Supplied records:
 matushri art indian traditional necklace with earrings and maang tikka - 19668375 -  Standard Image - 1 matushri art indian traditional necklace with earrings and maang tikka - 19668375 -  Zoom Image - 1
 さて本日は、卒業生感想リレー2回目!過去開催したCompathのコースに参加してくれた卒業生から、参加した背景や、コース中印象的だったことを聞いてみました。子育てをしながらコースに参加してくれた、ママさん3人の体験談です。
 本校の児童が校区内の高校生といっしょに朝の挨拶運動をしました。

--

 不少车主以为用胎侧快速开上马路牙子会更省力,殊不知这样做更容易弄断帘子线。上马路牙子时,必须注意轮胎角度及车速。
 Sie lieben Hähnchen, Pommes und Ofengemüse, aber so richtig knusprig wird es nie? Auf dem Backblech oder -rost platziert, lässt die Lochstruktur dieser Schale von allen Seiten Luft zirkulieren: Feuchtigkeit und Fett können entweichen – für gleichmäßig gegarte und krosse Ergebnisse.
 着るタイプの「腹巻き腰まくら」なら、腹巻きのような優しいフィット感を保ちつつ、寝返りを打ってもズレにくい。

Exercise directions: Could you restate, word for word, the lines above from the one with "Zoom Image - 1" to the one with "本校の児童が校区内の高校生といっしょに朝の挨拶運動をしました。", both included?

Output:
 matushri art indian traditional necklace with earrings and maang tikka - 19668375 -  Standard Image - 1 matushri art indian traditional necklace with earrings and maang tikka - 19668375 -  Zoom Image - 1
 さて本日は、卒業生感想リレー2回目!過去開催したCompathのコースに参加してくれた卒業生から、参加した背景や、コース中印象的だったことを聞いてみました。子育てをしながらコースに参加してくれた、ママさん3人の体験談です。
 本校の児童が校区内の高校生といっしょに朝の挨拶運動をしました。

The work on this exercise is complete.